Martin Pistorius był uwięziony we własnym ciele od 12 roku życia. Wszyscy wokół myśleli, że jest nieświadomy, nic nie widzi ani nie słyszy. Jednak Martin w końcu był w stanie powiedzieć, co naprawdę się wydarzyło. Kiedy próbujesz wyobrazić sobie siebie na jego miejscu, czujesz się nieswojo.

Martin wszystko widział, słyszał i rozumiał, ale nie mógł dać na to żadnego sygnału. Nie mógł mówić ani się ruszać. Teraz kiedy patrzysz na Martina, trudno sobie wyobrazić, przez co musiał przejść.

Miał 12 lat i był całkowicie zdrowy.

Martin dorastał w Afryce Południowej. Pewnego dnia wrócił do domu ze szkoły i skarżył się na złe samopoczucie.

Z czasem jego stan zdrowia zaczął się pogarszać: tracił zdolność mówienia, jego mięśnie słabły i nie mógł się ruszać.

Lekarze postawili diagnozę i oznajmili, że to nowa choroba zwyrodnieniowa. Powiedzieli rodzicom, że Martin całkowicie stracił kontakt ze światem zewnętrznym i nie rozumie, co się wokół niego dzieje.

Jednak mylili się!

Martin mówi, że był świadomy przez wiele lat, ale nikt o tym nie wiedział.

Tak dziś wygląda Martin. Potrafi rozmawiać za pośrednictwem komputera, który czyta na głos to, co pisze Martin.

Mówi, że widział i słyszał wiele rzeczy, ale nikt nie zauważał go tak, jakby był duchem. Pewnego dnia usłyszał, jak jego matka w przypływie rozpaczy mówi, że byłoby lepiej, gdyby umarł.

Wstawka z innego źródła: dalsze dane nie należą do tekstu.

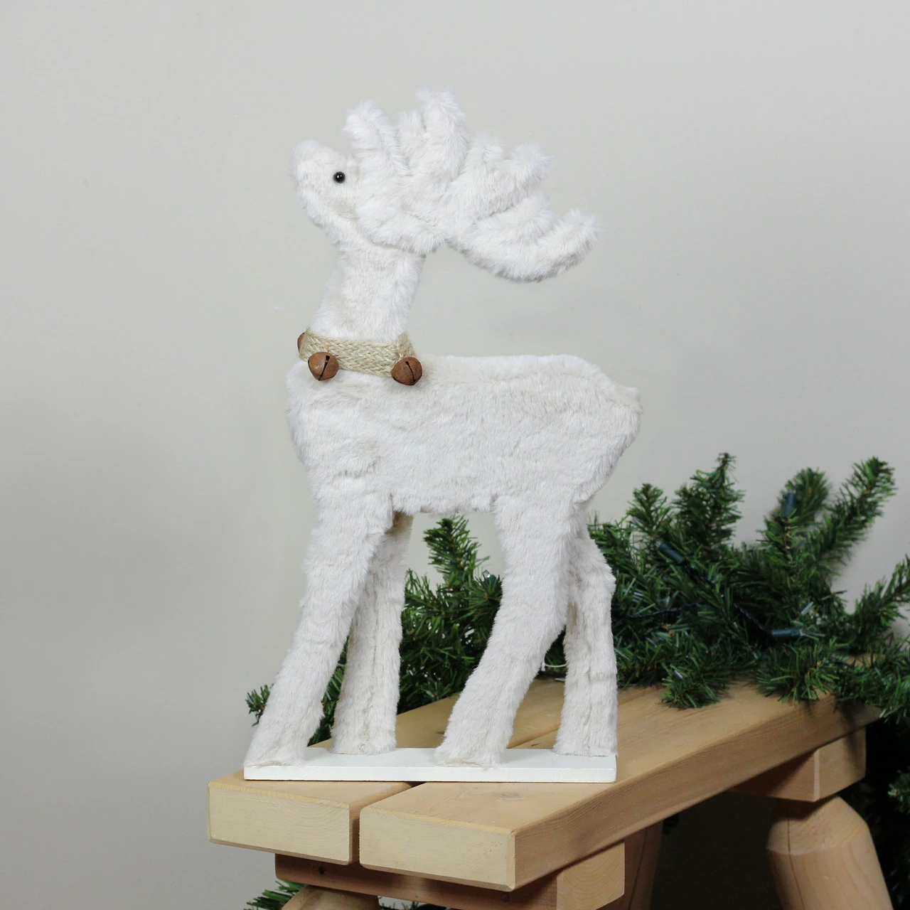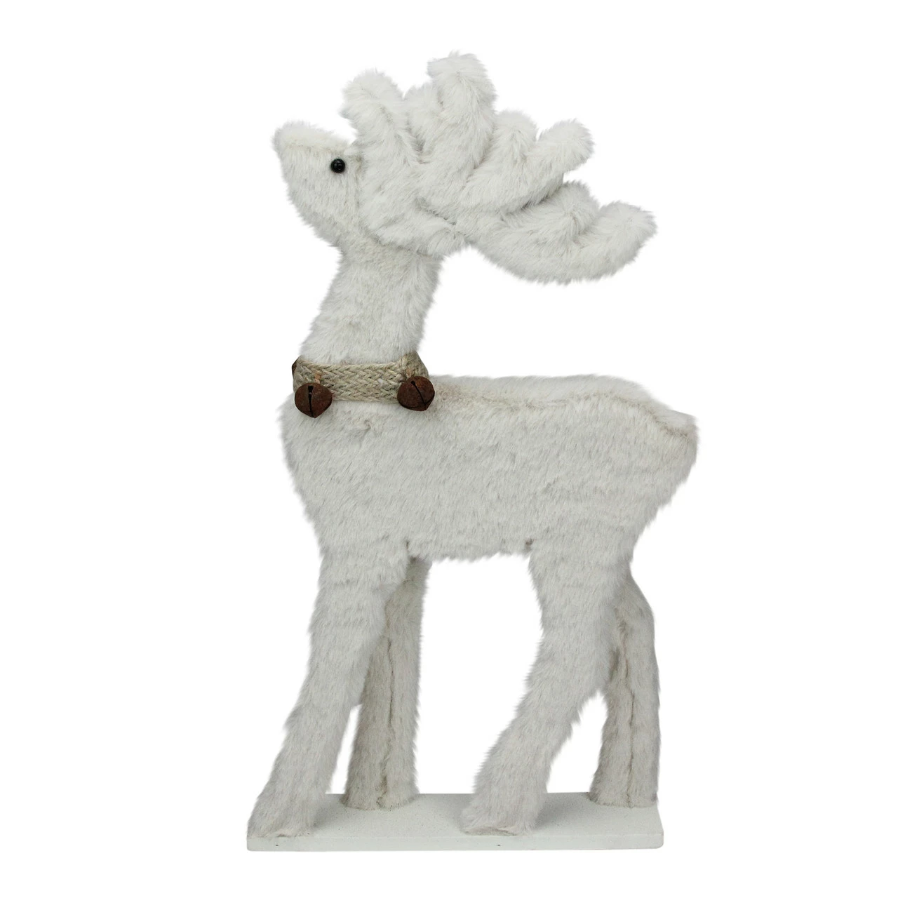 Standing reindeer with faux fur and a twine collar with rustic bells
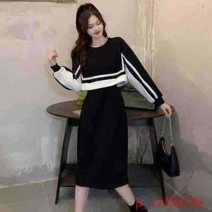 韩版设计感黑白撞色拼接收腰显瘦连衣裙,[爱心]90件左右,码数S-XL,长款为主,穿80-130斤,万佳档口货,原包装️无瑕疵,[666]实体店品质,分货加一 _@_@
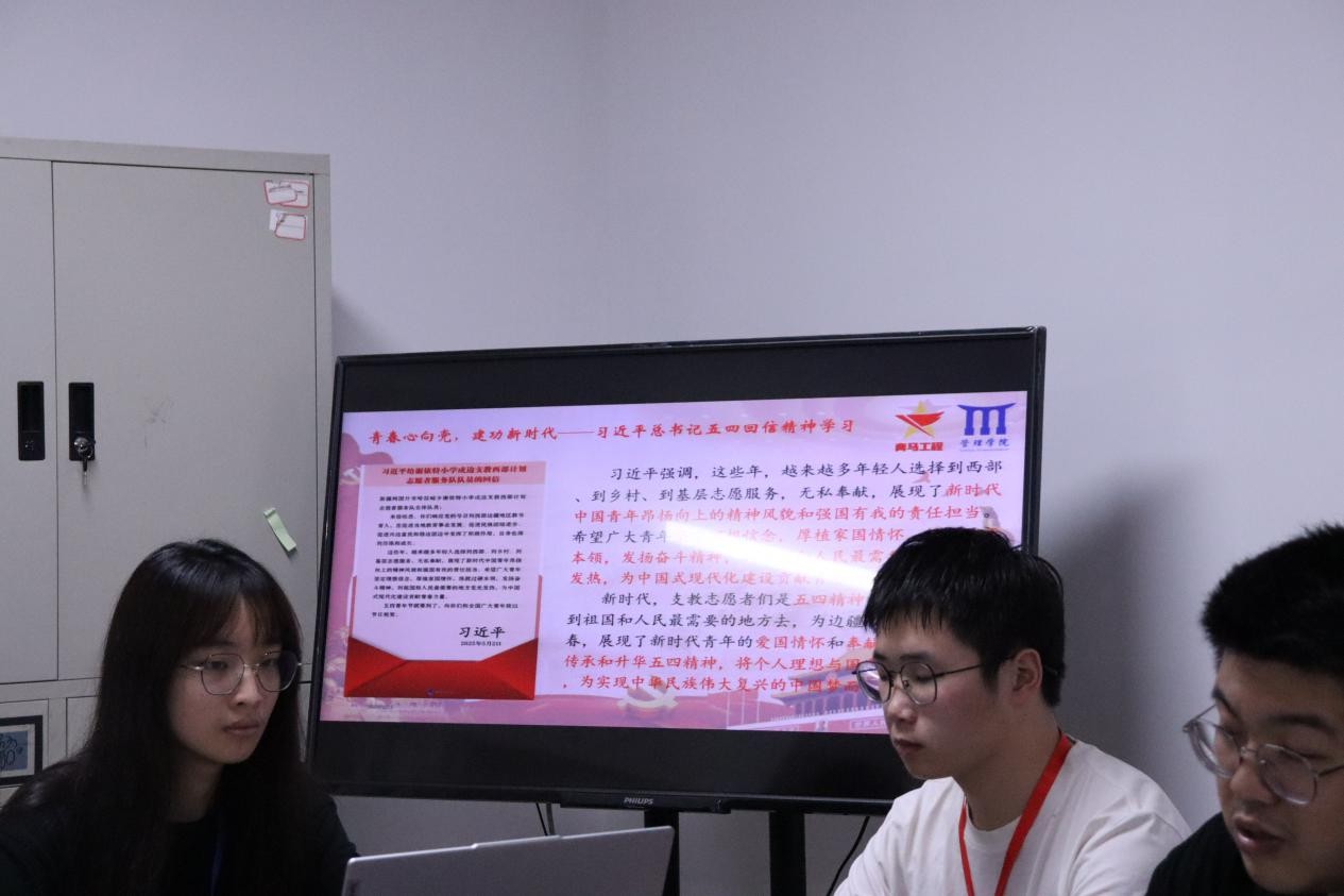 会议最后,王镇宁老师对青马班本学期理论学习活动进行了阶段性总结,从成效和不足两方面进行了点评,强调青马班学员要坚定理想信念,增强理论学习,坚持知行合一。在暑期社会实践活动部署环节,王镇宁老师结合团省委等部门“幸福河湖·青马学员说”微视频大赛向全体青马班学员进行动员,鼓励全体学员积极参与社会实践,将学习成效转化为不竭的实践动力,锤炼责任担当,展现青年力量。
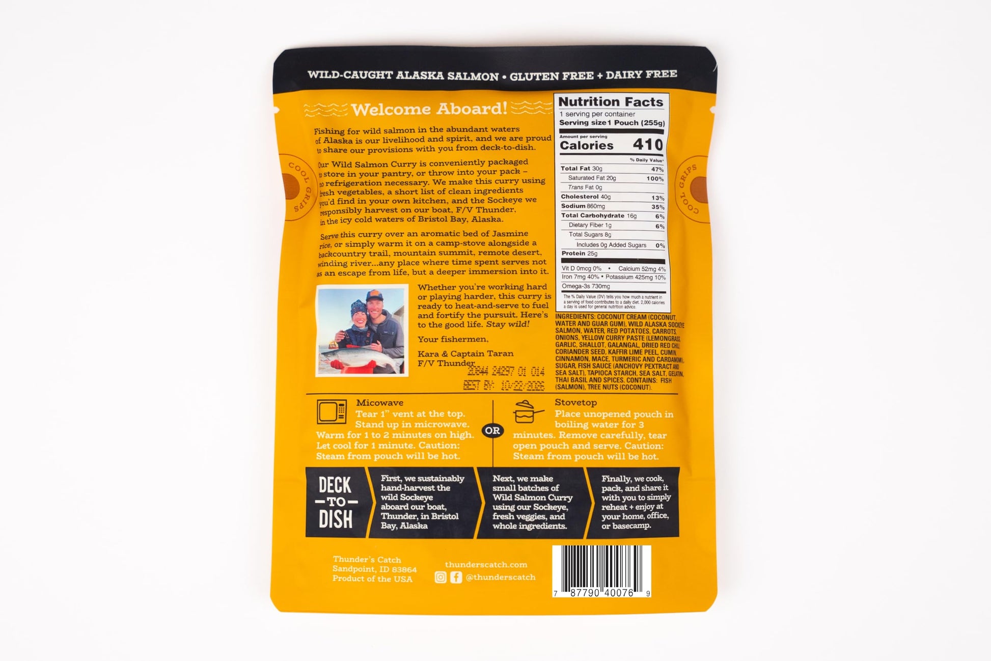 Wild Alaska Sockeye Salmon in a rich, yellow curry and coconut milk broth with potatoes and carrots. These 9 oz sustainable pouches require no need for refrigeration and have a two year shelf life (still preservative free)! Convenient and delicious. Just warm on your stovetop for 5 minutes or 1 minute in the microwave to enjoy a healthy meal - whether youre at your table at home, or in your tent at basecamp. This Wild Salmon Curry was prepared by hand with fresh, quality ingredients and our wild caught Alaska Sockeye salmon - sustainably harvested aboard our boat, F/V Thunder, in the icy waters of Bristol Bay, Alaska.
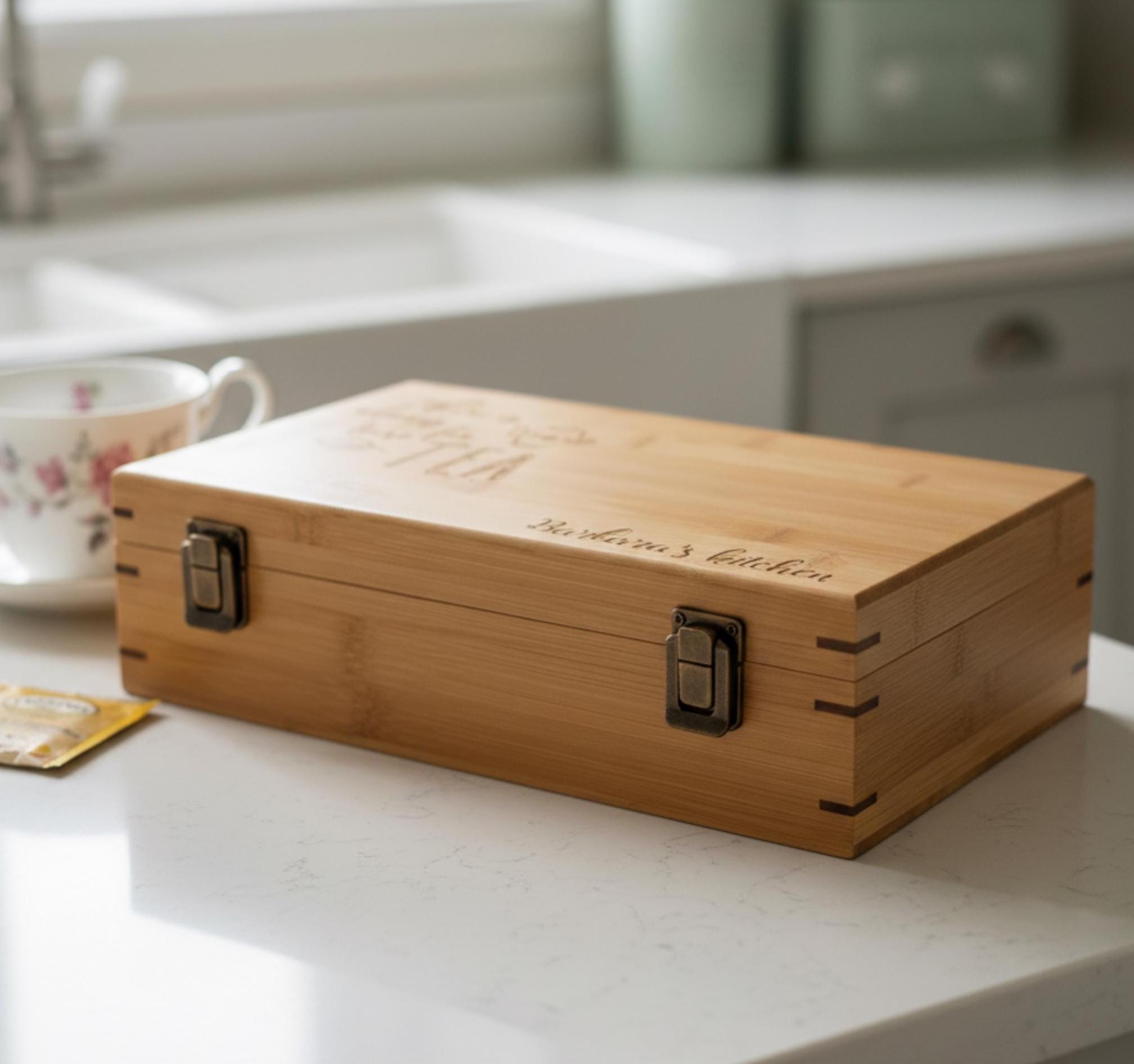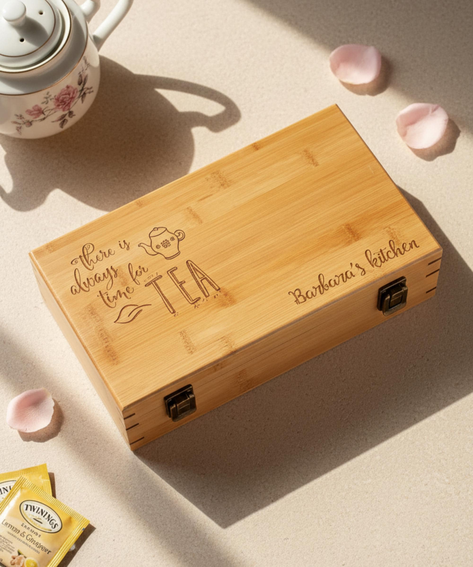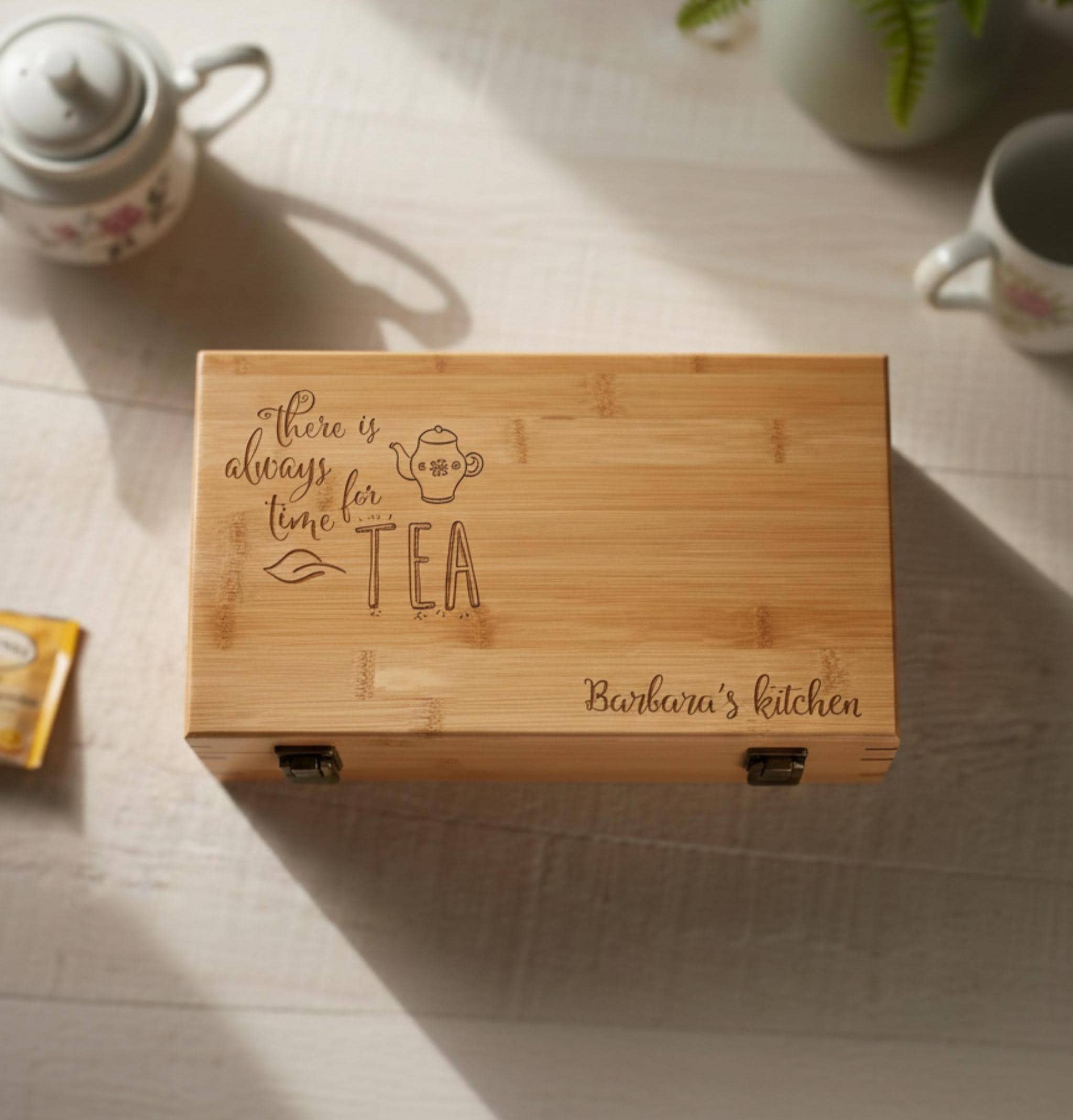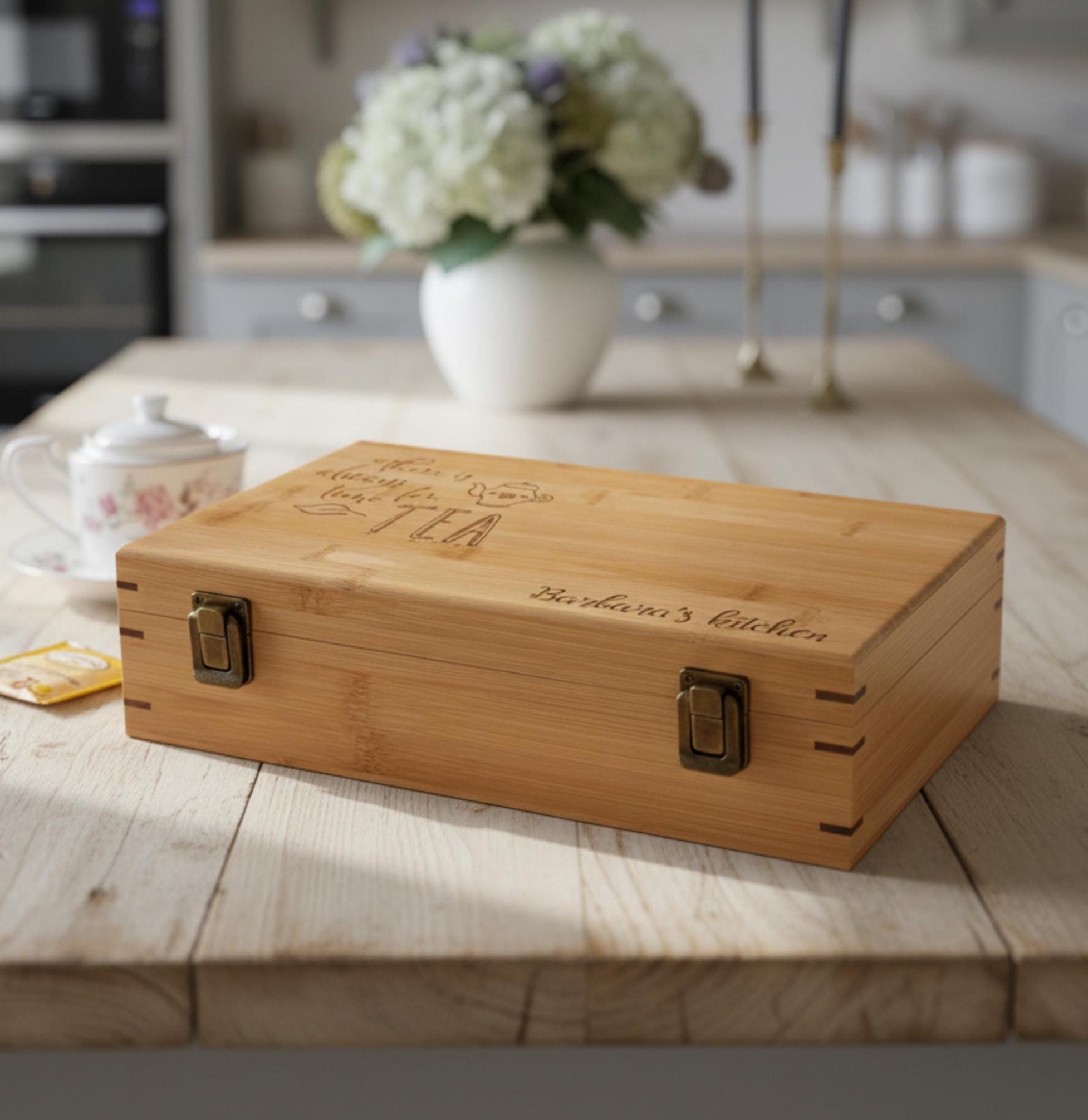 Personalized Tea Box, Custom Engraved Tea Organizer Gift for Mother's Day, Grandma, Tea Lovers, Kitchen Decor

„Nie miałam pojęcia, że ​​wszystko słyszał. Przepraszam, że to powiedziałam! ” - mówi z bólem matka Martina.

Martin mówi, że to boli, ale zrozumiał, dlaczego jego matka to powiedziała. Wiedział, że myślała, że ​​jest złą matką, która nie może tego dłużej znieść. Było to dla niego bardzo trudne, ponieważ nie mógł powiedzieć, że jest dobrą matką i zrobiła wszystko dobrze.

Martin mieszkał w domu z rodzicami, ale był okresowo zabierany do ośrodków medycznych, gdzie czasami nawet z niego żartowano. Jednak według Martina było więcej dobrych lekarzy niż złych. Jak ten, który dostrzegł błysk życia w jego oczach. Zrozumiał, że świadomość Martina jest obecna, że pacjent wszystko zrozumie i doskonale wie, co się wokół niego dzieje.

Martin stopniowo nauczył się komunikować. Podjął tytaniczny wysiłek i był w stanie kontrolować swoje ciało. Ukończył college, uzyskał prawo jazdy i teraz jeździ specjalnie przystosowanym samochodem.

W 2008 roku poznał przyjaciółkę swojej siostry, Joan. W 2009 roku pobrali się.

Martin zachęca wszystkich do traktowania siebie nawzajem z życzliwością, szacunkiem i współczuciem. Nigdy nie można lekceważyć potęgi rozumu, wagi miłości i wiary. Nie możesz przestać marzyć.

Warto posłuchać jego słów, a historia jego życia inspiruje nas, by nie poddawać się bez względu na wszystko!